スカイラインといえば、その登場以来レースシーンで築き上げた伝統は実に多彩。GT-Rはこの時代、まだその名前が復活することなく伝説のモデルとして語り継がれていたが、ターボの装着によってより高性能なパワースペックを得たターボGTは、当時GT-Rの再来と呼ぶにふさわしい画期的なモデルとして語られた。
ターボGTに設定されたボディは2ドアハードトップと4ドアセダンの2種類。人気はもちろんよりスポーティな外観を持つ2ドアモデルに集中したが、4ドアセダンも卓越した実用性と性能を兼ね備えるモデルとして高く評価されていた。
事実、スカイラインの4ドアモデルは、このモデルの後継車種となった6世代目のR30型スカイラインにも継承され、さらには7世代目のスカイラインでは当初4ドアのみで販売が行われたのだから、その人気は相当なものであったことは十分に理解できようというものだ。
スカイライン「ジャパン」の中でもGTモデルには伝統のセミトレーリングアーム式のリアサスペンションが継承されてきた。

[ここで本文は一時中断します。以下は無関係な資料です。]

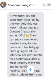 Cómo ganar $1k: Una de las alumnas recientes de Shannon tomó su curso y ¡ganó $1,000 en su primera semana después de terminarlo!
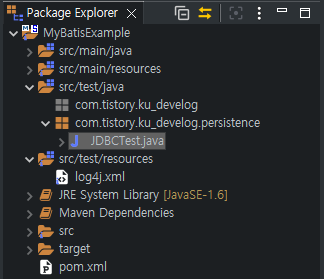스프링 프로젝트에서는 테스트를 위한 디렉터리를 따로 제공하고 있다. "src/test/java"를 열고 테스트를 위한 클래스(JDBCTests.java)를 생성하고 다음 코드를 입력한다.
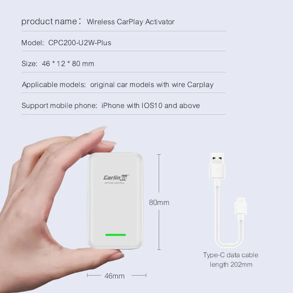 Название: проводной к беспроводному адаптеру CarplayМодель: CPC200-U2W-PlusРазмеры: около 80*26 мм/3,15 * 1.02inВходная мощность: 5 В 1-2.1AВыходная мощность: 5 В 1-2.1AМощность Потребляемая мощность: 0,25 WМетод подключения: беспроводное соединениеАдаптированные модели: оригинальный автомобиль с проводом CarplayПоддержка Мобильный телефон: для iPhone с системой для iOS10 и выше
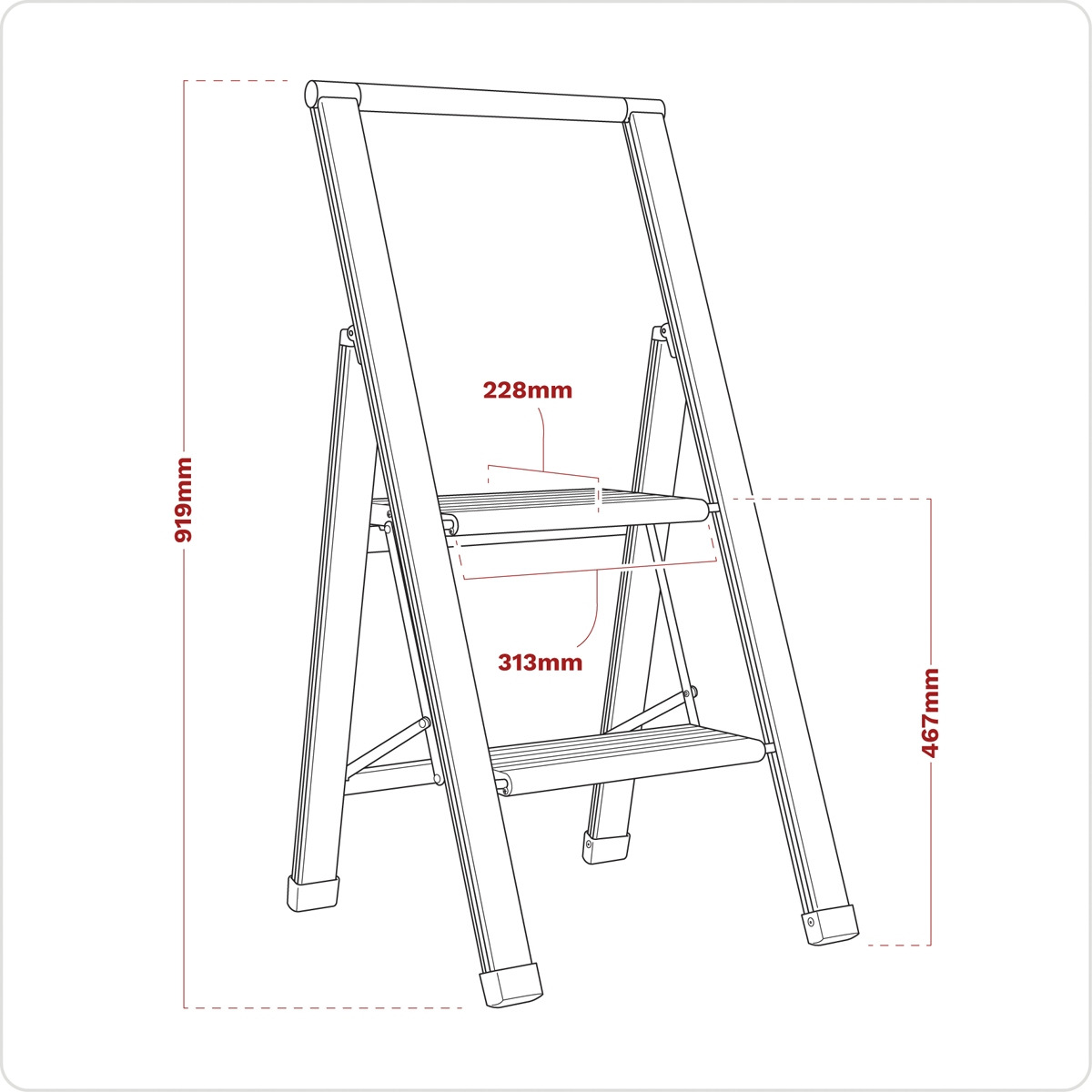 - Features large steps fitted with anti-slip rubber inserts and a large top step for added stability when working at height.
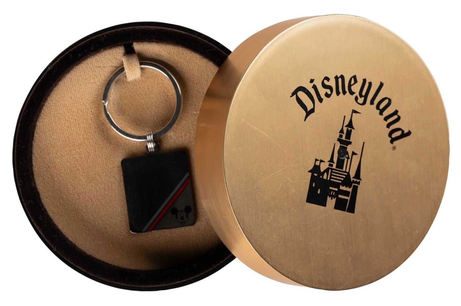 (Disneyland, 1970s) A stylish metal keychain featuring a subtle Mickey Mouse face in the corner, with a round plastic Disneyland box. The 2.5" keychain and 3.5" diameter box are in very good condition with light handling wear.
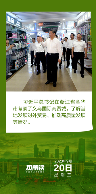 9月20日,習(xí)近平總書記到浙江考察的第二站,是義烏國(guó)際商貿(mào)城。走進(jìn)這座“買賣全球”的“世界超市”,總書記考察了五金工具配件商鋪、傘鋪等,詳細(xì)了解義烏國(guó)際商貿(mào)城發(fā)展對(duì)外貿(mào)易、推動(dòng)高質(zhì)量發(fā)展等情況,并鼓勵(lì)商戶們:“義烏的小商品、大市場(chǎng),不斷地再造新的輝煌?!?/p>
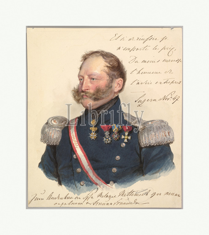 Prince Friedrich of Schwarzenberg, 1847, Watercolor and gouache, graphite, Sheet: 7 1/16 x 6 1/8 in. (18 x 15.5 cm), Drawings, Josef Kriehuber (Austrian, Vienna 1800–1876 Vienna)
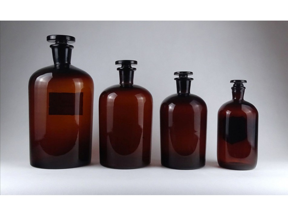 Négy darab régi, szép állapotú, barna színű patika üveg, gyógyszerészeti tároló üveg.
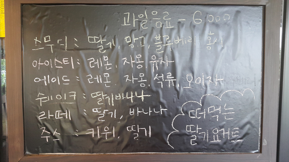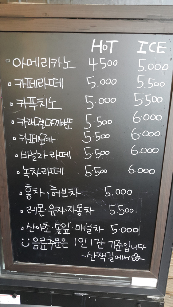 메뉴판은 흑백보드에 하얀글씨로 쓰여져 있어 기계화된 자른 메뉴판보다 더욱 더 정감이 갑니다.

愛のスカイラインGT(3世代目)、ケンメリGT(4世代目)で培われてきた4輪独立式を熟成させたもので、機敏なコーナリング性能と抜群のロードホールディング性能を実現。セミトレーリングアーム式のリアサスは、1980年6月に追加された、Z20E型4気筒を積む2000TIシリーズにも採用された。

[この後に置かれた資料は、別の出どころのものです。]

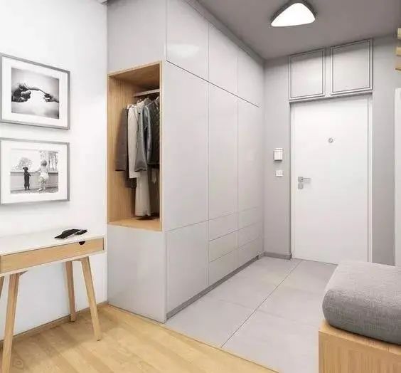 这个凹槽处可以作为一个挂衣区,日常的一些睡衣,冬天穿的外套,进卧室之后,就可以挂放到这边了。这样整个卧室也能变的格外的整齐,起码不会一进门就看到一堆堆衣服。
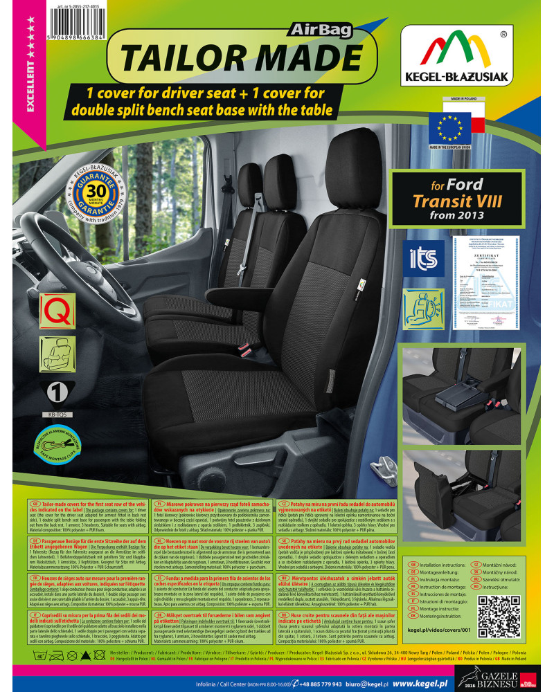 Pokrowce posiadają specjalne, bezpieczne szwy dla poduszek AirBag w fotelu kierowcy. Profesjonalne wykonanie oraz bezpieczeństwo użytkowania gwarantują certyfikat oraz badania przeprowadzone przez Instytut Transportu Samochodowego.

もっとも、このターボGTでも1230kgの車重は大きなハンデで、当時市場に導入されていたライバル車種、たとえばセリカ2000GTなどと比較すると、実際に体感できるスパルタンな感覚は若干足りない印象が強かった。
ボディスタイリングは、これもスカイラインの伝統ともいえるサーフィンラインを継承した端正なもの。ヘッドランプはデビュー時の丸型4灯から角型2灯へと変化しているが、これも当時のトレンドを示しているようで実に興味深い。
インテリアで最も特徴的なのは水平ゼロ指針のメーターだが、これは日産が総力を注いで開発したかつてのレーシングマシン、R382のデザインを受け継いだものだった。インテリアの処理は現代の目で見れば非常に古典的だが、当時このメーターをはじめとする各部のデザインは、スパルタンな印象をスカイラインに求めるユーザーに大人気だった。
ジャパンの愛称で親しまれた5世代目のスカイラインは、1981年の秋にはフルモデルチェンジが行われ、新世代のR30型へと進化を遂げる。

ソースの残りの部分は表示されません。